The situation got worse when shuttle flights became more-or-less routine, and we were lucky to see 20 seconds of launch footage on the nightly news. And the sound and video quality was pretty low, too.

But now, thanks to technology and NASA’s cooperativeness, we space buffs can see pretty much the whole thing, from the time the astronauts wake up in the morning onward. I had my Internet browser tuned to NASA TV for a good part of the day, and even though I couldn’t actually watch — due to being at work and all — I listened to the audio feed, keeping constant tabs on how things were going via the smooth voice of Mission Control speaking in my headphones. To be honest, that was almost better than watching the video. The experience of listening to the preparations felt weirdly intimate.

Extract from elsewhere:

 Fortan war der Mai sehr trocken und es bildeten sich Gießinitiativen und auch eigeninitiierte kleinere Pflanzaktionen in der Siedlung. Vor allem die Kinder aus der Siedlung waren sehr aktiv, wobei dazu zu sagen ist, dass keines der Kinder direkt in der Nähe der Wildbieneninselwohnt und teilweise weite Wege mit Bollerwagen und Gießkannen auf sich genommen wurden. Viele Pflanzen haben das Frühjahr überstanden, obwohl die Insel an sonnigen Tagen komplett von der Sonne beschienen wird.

I felt like an insider, as if I were actually at Kennedy Space Center in Florida, helping out in some capacity instead of sitting in a cubicle 1,500 miles to the west, looking for jargony words that needed to be hyphenated. As when you’re reading a good novel, I projected myself into the action even as I continued with my mundane activities. I experienced a growing excitement as the countdown went on. I felt twinges of sadness as the Mission Control voice called out various ground crew by name and mentioned that they, too, would be retiring after this mission, their era over and their time finished. And I sweated through the impossibly tense situation that occurred around T-minus five minutes, when the eastern range controller had a computer problem and called for a hold. Less than three minutes of hold time were available before Discovery lost its launch window for today, and it came right down to the wire before Range finally called in with a “go.”

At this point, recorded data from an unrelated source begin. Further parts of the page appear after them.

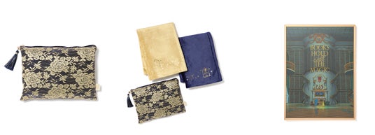 物語の最初の1ページをイメージしたデザインのトートバッグです。各作品のストーリーにまつわるモチーフがふんだんに盛り込まれています。大人の女性でも日常使いしやすいよう、落ち着いた高級感のあるカラーで統一しています。ノートPCも入るサイズで背面にはジッパーポケットが付いており機能性にも優れています。
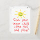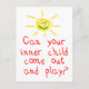 Die lustige Postkarte sagt: "Kann dein inneres Kind rauskommen und spielen?"
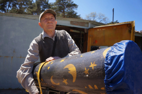 Иван Васильевич не очень то и рад был нас видеть - нас вместе с нашим интересом и фотоаппаратами. Но жена его – добродушная женщина уже пригласила нас на чай, открыла дверь и вот мы уже на пороге их квартиры, а она и добавляет, что еще за такое добродушнее выговор от мужа получит. Мы улыбнулись, конечно, приготовили фотоаппараты и диктофон. Она повела нас по всем комнатам. В детской стоял новогодний посох. «Да, это все Иван сделал для внуков и костюм деда мороза сам сшил». В большой комнате все было увалено палочками на подставках: «Это только часть его заготовок, он их красит и перья подбирает, и узоры рисует, мой самый любимый голубой узор, а вот в серванте деревянные грибы – это тоже мои любимые, вроде бы все они похожи между собой, но двух одинаковых никогда не получается. А вот фотоальбом, здесь только некоторые работы, многое уже давно купили, что-то подарили». Мы переместились на кухню, зашел хозяин квартиры, явно избегая разговора с нами, но рассказал достаточно и про работу и про пенсию, про телескоп и про гараж упомянул, мы такой возможности не упустили. И вот мы уже следуем за Иваном Васильевичем в гараж смотреть его самодельный телескоп, проходим мимо детского сада, а он по началу такой не сговорчивый уже сам рассказывает, как подарил детскому саду и пальму и ящерицу, и птицу. А за гаражом показывает лес, здесь он нашел первые корни, пни, коряги и ветки для своих фирменных журавликов. Достали трубу, рассказывает, как обтягивал ее простынью жены с луной и звездами, как лаком покрывал, как зеркала подбирал, винтики и краники, как от пыли хранит. Настроили, посмотрели – работает! Воодушевленные такой производительностью Ивана Васильевича мы искренне заметили, что это не просто гараж – это целая мастерская! А жена его догнала нас и говорит: «Нет, это просто гараж, а есть и мастерская еще». На том мы и попрощались. А Иван Васильевич прощался с нами с доброй довольной улыбкой.
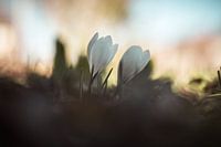 close up van twee witte krokussen, met een donkere foto nabewerking, en op de achtergrond het warme licht van de opkomende zon
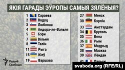 Дзясятку найбольш зялёных эўрапейскіх сталіц складаюць Сараева, Вадуц, Любляна, Андора-ля-Вэльля, Бэрн, Люксэмбург, Вільня, Талін і Манака.
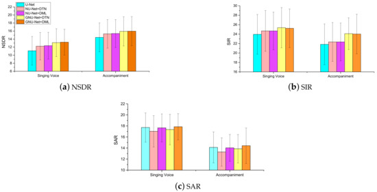 The performance of GNU-Net separation model was evaluated on iKala dataset. Table 2 shows the performance scores of various models with 6-level nested U-Net and 6-level U-Net [26]. In the first row, the results of singing voice and accompaniment are based on two U-Net separation models, as the U-Net [26] model can output only one source signal, while our proposed model can output estimated singing voice and accompaniment simultaneously. NU-Net denotes nested U-Net without introducing GLUs. The contents of Table 2 are exhibited in another form in Figure 5, which can help to intuitively distinguish various models by the means and variances of various evaluation metrics. From Table 2 and Figure 5, we can conclude the following statements:

Oh, I confess that I sneaked occasional peeks, too… I saw the “astrovan” carrying the crew out to Pad 39A, and the astronauts in the “white room” high atop the gantry, preparing to enter their ship. I watched the commander climb laboriously into his seat, which was of course laying with its back down at the time.

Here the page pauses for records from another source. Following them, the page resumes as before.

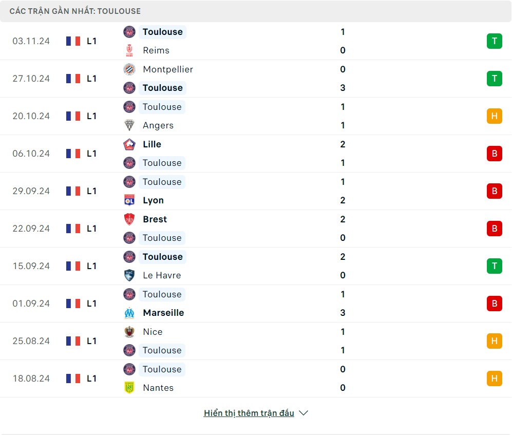 Trong khi đó với Toulouse, tình hình cũng chẳng sáng sủa hơn là bao. Dưới triều đại Carles Martinez, người ta không còn được chứng kiến những trận đấu bùng nổ tới từ đội chủ sân Stadium Municipal. 10 vòng đấu, các chân sút của đội bóng này mới có 11 lần tìm thấy đường vào khung thành đối phương. Trong khi đó, mặt trận phòng ngự được đánh giá là “đỡ” hơn đôi chút so với đội chủ nhà khi cũng thủng lưới 11 lần. Giống như những trận đấu dưới thời Carles Martinez, đây sẽ là chuyến đi mà những toan tính sẽ đồng hành cùng Toulouse. Thay vì tập trung ghi bàn, các vị khách có lẽ sẽ tập trung cho mục tiêu hạn chế số bàn thua.
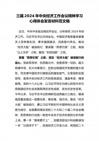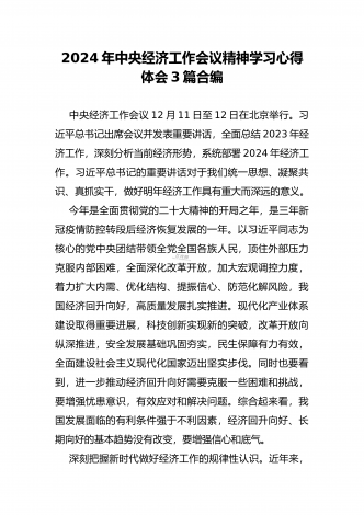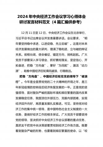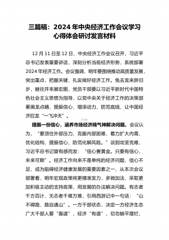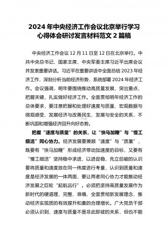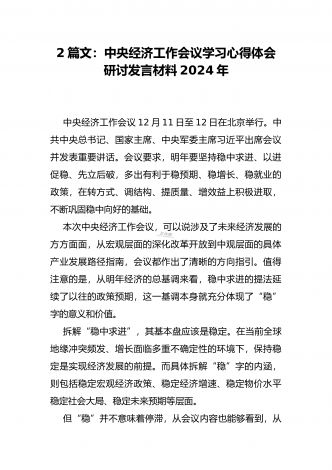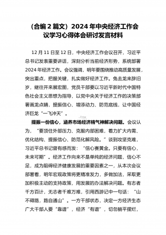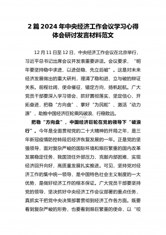 2024年中央经济工作会议学习心得体会研讨发言材料【两篇】供借鉴
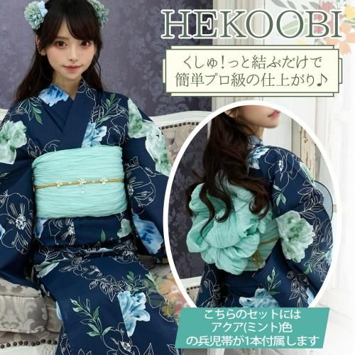 セット内容浴衣、兵児帯(アクアミント色×1)、下駄 3点
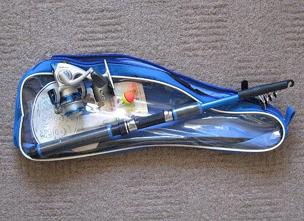 ホームセンターで釣具セット1600円があったのでついで買いしてしまった。竿先2mだが仕舞うと50cmでカバンに納まってしまう。
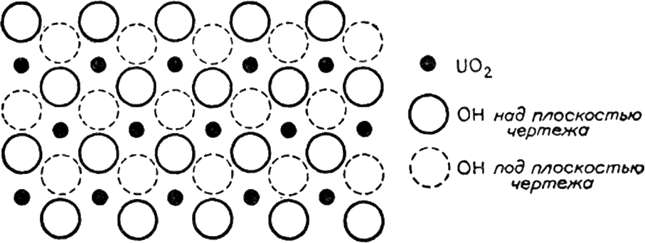 Рис. 1.9. Конфигурация слоя UO2(OH)2 в кристалле UO3 · 2H2O [7].
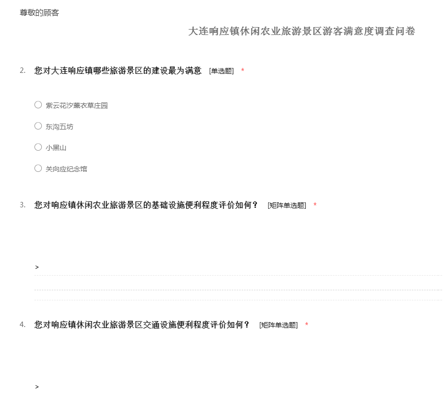 大连响应镇休闲农业旅游景区游客满意度调查问卷
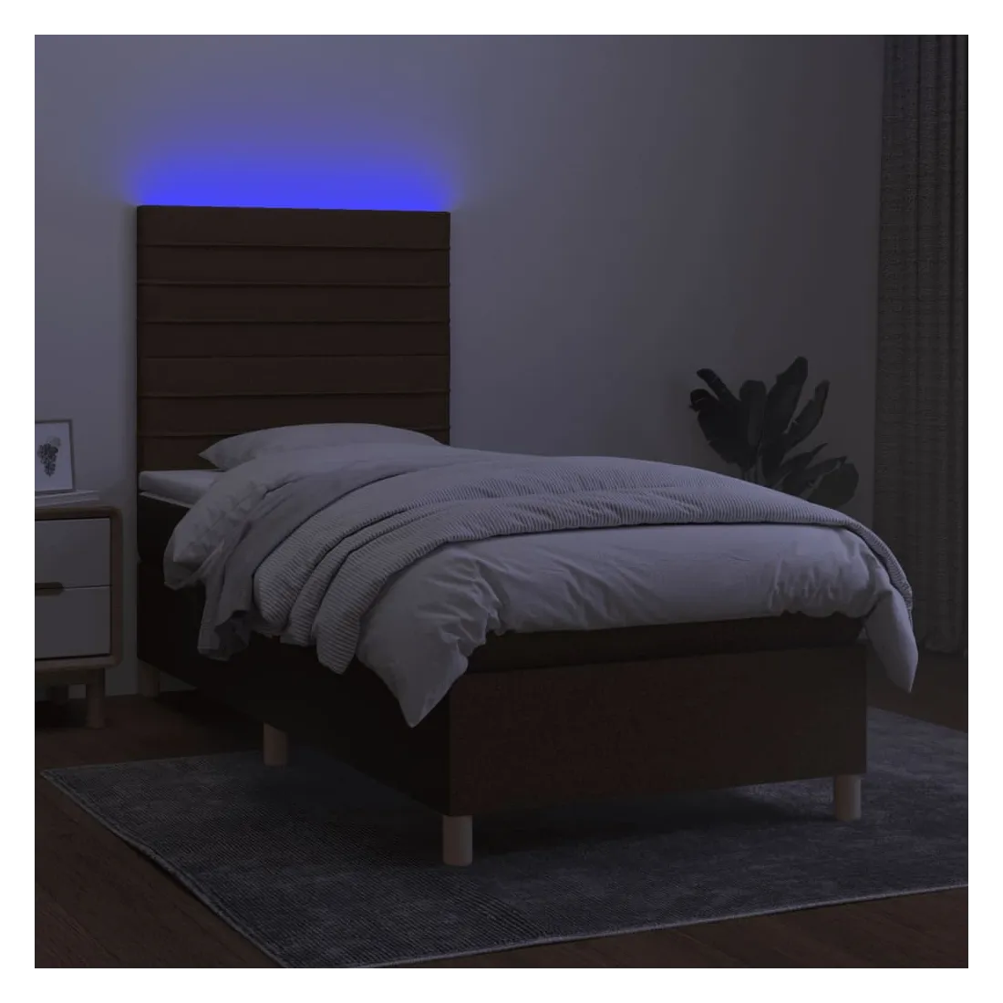 Sommier à lattes de lit matelas et LED Marron foncé 100x200 cm

I watched intently from about T-minus 30 down, basically what you see in the YouTube clip here, and I have to say there’s really not much comparison with the old days. There are so many more cameras around the pad and the shuttle itself, and they’re placed at such better, more dramatic angles than they used to be. And the video quality is so much higher as well. Even the sound is better than I remember it used to be. The hair on my arms stood up when the igniters started throwing their sheets of sparks beneath the shuttle’s main engines, with an electrical buzz that sounds like it belongs in an old Frankenstein film. And then the noise of the SRBs, not just an undifferentiated roar like I always used to believe, but a crackling, snapping, organic cacophony, like something alive and wild and straining to be let off its chain. God, I love this stuff. I don’t think I realized how much I loved it until the end of the program grew near. Now, with only two more flights — I’ve recently learned there will be an STS-135 after all, one more than I believed the last time I wrote about this subject — I’m savoring all of it. Even a clip I just saw on NASA TV of the floodlamps in the shuttle’s payload bay being switched off struck me as just plain cool (of course, that was helped along by the growing sunrise across the curve of the Earth, just like at the end of Superman: The Movie, but still…).

STS-133 is scheduled to last 11 days. The next flight after that, STS-134, will be shuttle Endeavour, scheduled to go in April. And then STS-135 — the true final mission, carried out by shuttle Atlantis — is supposed will happen in late June.